Nigerian fashion designer

Amaka Osakwe is a Nigerian fashion designer and creator of the African-based fashion label named Maki Oh. She has led her womanswear label since 2010 from Lagos, and it is a Nigerian-based label that is globally acknowledged.

== Life and career ==
Osakwe is of the Igbo tribe. She studied at the Arts University Bournemouth where she received a BA in fashion studies. In autumn/winter 2010 she launched her label. Inspired by rural Ghana’s Dipo rites-of-passage ceremony, during which girls taking part are partially naked and ornately adorned, Osakwe has played with cloaking and ornamentation using traditional African fabrics. Recently her label was discovered by the U.S. fashion scene in 2012, when she presented her designs at the New York Fashion Week. A signature of her brand is her use of a traditional Yoruba indigo-dyed textile called adire, a cultural specialty whose practice revolves around modern-day Ogun and Osun states in western Nigeria. Another is her way of combining Western silhouettes and native materials and motifs—to wit, a lace-blouse-and-pencil-skirt set appliquéd with unsettling raffia eyeballs.

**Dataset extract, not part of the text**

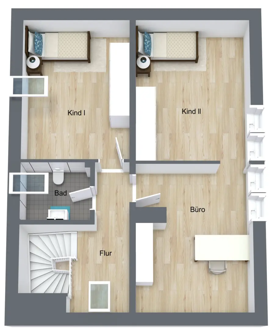 Im Obergeschoss besitzt das Einfamilienhaus weitere drei Zimmer, von denen eines ein Durchgangszimmer ist. Es würde sich als Spielezimmer für zwei Kinder anbieten oder ein schickes Büro. Vielleicht planen Sie auch eine Bibliothek mit Leseecke – lassen Sie Ihrer Fantasie freien Lauf. Die beiden anderen Räume können als Kinder- oder Gästezimmer fungieren. Eines der Zimmer hat bereits Anschlüsse für eine Küche. Ideal, wenn Ihre Kinder später einmal ein eigenes Reich benötigen. Außerdem liegt auf diesem Stockwerk ein hübsches Kinderbad mit WC und Waschbecken.

International stars such as singers Beyoncé and Rihanna and Hollywood actress Kerry Washington have worn outfits by the Nigerian designers. U.S. First Lady Michelle Obama, well-known for being a style icon, wore an Amaka Osakwe-designed Maki Oh blouse during summer 2013 trip to South Africa. Her designs also have been worn by the likes of Solange Knowles, Lady Gaga, Issa Rae, and Leelee Sobieski and by Nigerian TV presenter Eku Edewor and are sold internationally through Farfetch.com, and in United States at the McMullen boutique in Oakland.

Osakwe was named "Designer of the Year" by African fashion magazine ARISE. Since 2010, her work has been showcased at the Museum at the Fashion Institute of Technology, the Vitra Design Museum, and the Brighton Museum & Art Gallery.